[[ Materials provided, beginning ]]
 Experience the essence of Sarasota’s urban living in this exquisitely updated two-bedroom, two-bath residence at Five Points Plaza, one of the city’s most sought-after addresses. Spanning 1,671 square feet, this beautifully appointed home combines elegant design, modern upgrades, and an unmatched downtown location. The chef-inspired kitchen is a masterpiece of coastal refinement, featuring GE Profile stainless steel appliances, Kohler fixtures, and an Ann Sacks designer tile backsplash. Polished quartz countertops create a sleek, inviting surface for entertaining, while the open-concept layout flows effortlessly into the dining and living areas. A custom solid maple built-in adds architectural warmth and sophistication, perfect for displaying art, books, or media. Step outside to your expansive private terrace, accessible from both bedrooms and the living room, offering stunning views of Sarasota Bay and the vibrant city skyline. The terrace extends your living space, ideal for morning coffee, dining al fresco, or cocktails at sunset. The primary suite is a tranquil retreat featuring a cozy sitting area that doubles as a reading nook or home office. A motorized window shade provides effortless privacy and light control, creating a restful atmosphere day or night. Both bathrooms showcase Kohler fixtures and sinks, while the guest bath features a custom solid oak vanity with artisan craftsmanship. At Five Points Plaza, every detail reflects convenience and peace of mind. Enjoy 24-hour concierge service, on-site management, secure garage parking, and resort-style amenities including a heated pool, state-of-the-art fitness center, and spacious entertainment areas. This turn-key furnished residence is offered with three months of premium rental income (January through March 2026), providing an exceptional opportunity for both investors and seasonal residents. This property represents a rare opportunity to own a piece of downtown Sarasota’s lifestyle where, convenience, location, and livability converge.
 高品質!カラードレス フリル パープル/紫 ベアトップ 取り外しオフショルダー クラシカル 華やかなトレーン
[[ Materials provided, end ]]
[[ Materials provided, beginning ]]
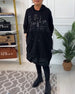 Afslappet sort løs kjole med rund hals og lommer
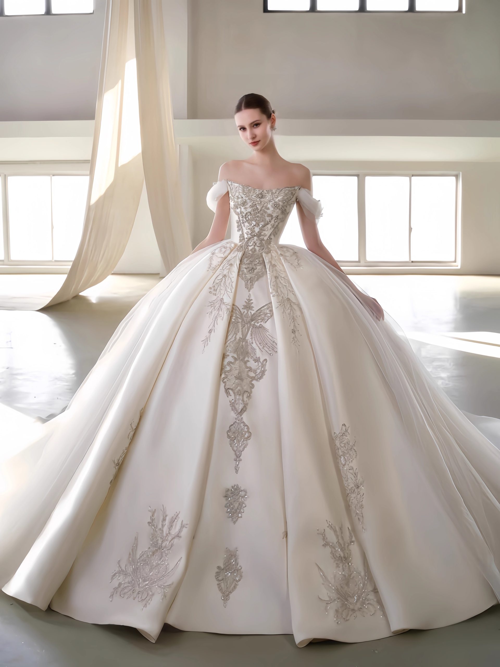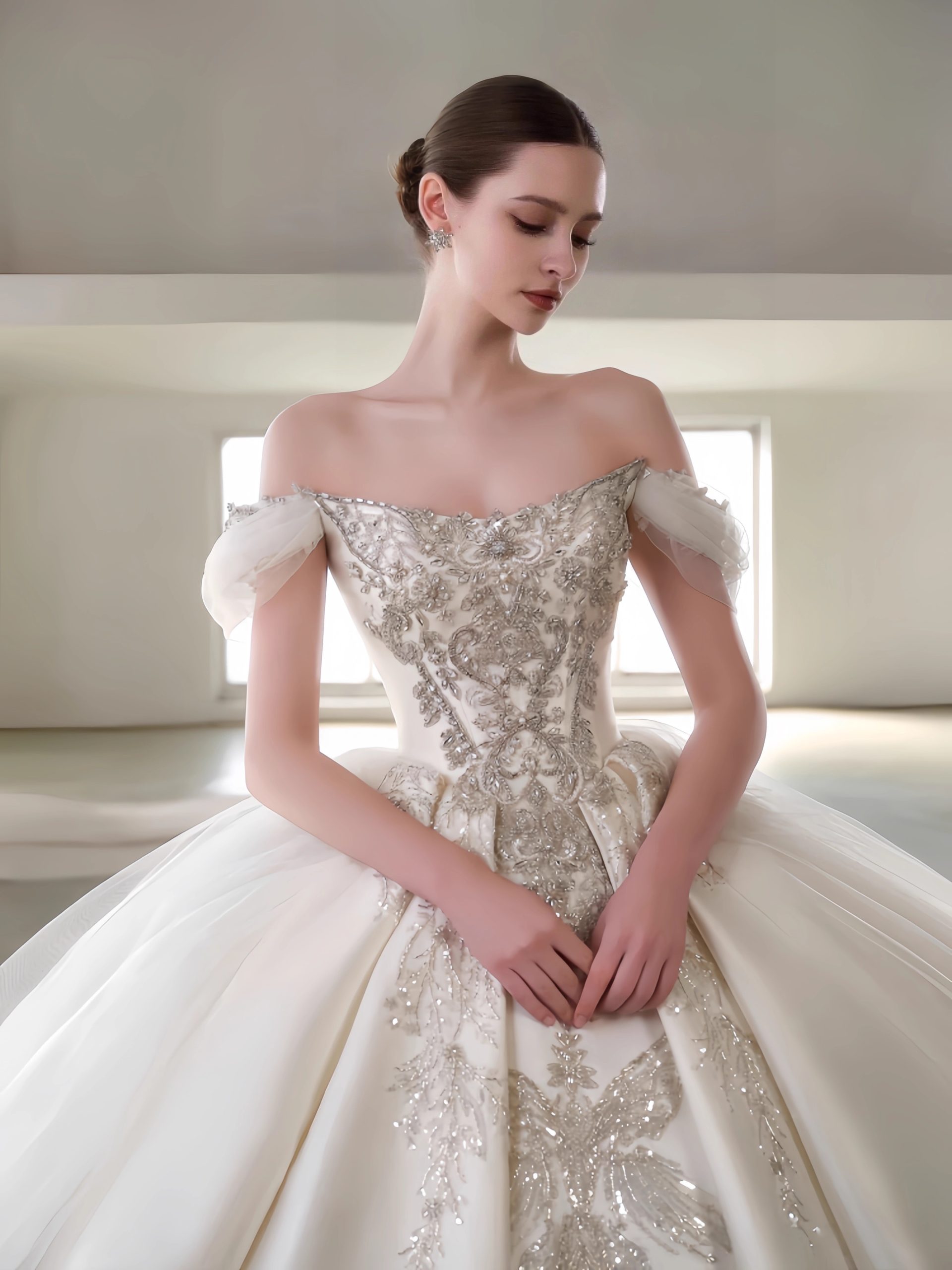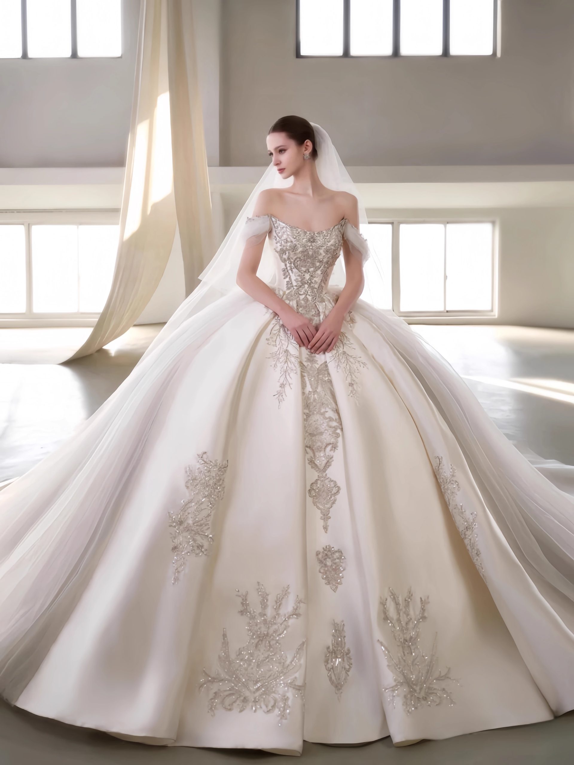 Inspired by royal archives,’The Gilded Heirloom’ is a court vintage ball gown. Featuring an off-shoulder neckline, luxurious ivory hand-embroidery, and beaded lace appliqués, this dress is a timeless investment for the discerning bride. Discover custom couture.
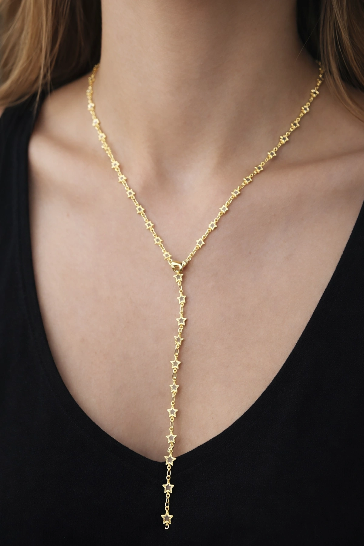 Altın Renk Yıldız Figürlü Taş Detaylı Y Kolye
[[ Materials provided, end ]]
Reproduce, exactly and only, the lines of the records above starting at the line with "Afslappet sort løs" and ending at the line with "Altın Renk Yıldız", both included. Leave every picture out.

> [Exercise response]:
 Afslappet sort løs kjole med rund hals og lommer
 Inspired by royal archives,’The Gilded Heirloom’ is a court vintage ball gown. Featuring an off-shoulder neckline, luxurious ivory hand-embroidery, and beaded lace appliqués, this dress is a timeless investment for the discerning bride. Discover custom couture.
 Altın Renk Yıldız Figürlü Taş Detaylı Y Kolye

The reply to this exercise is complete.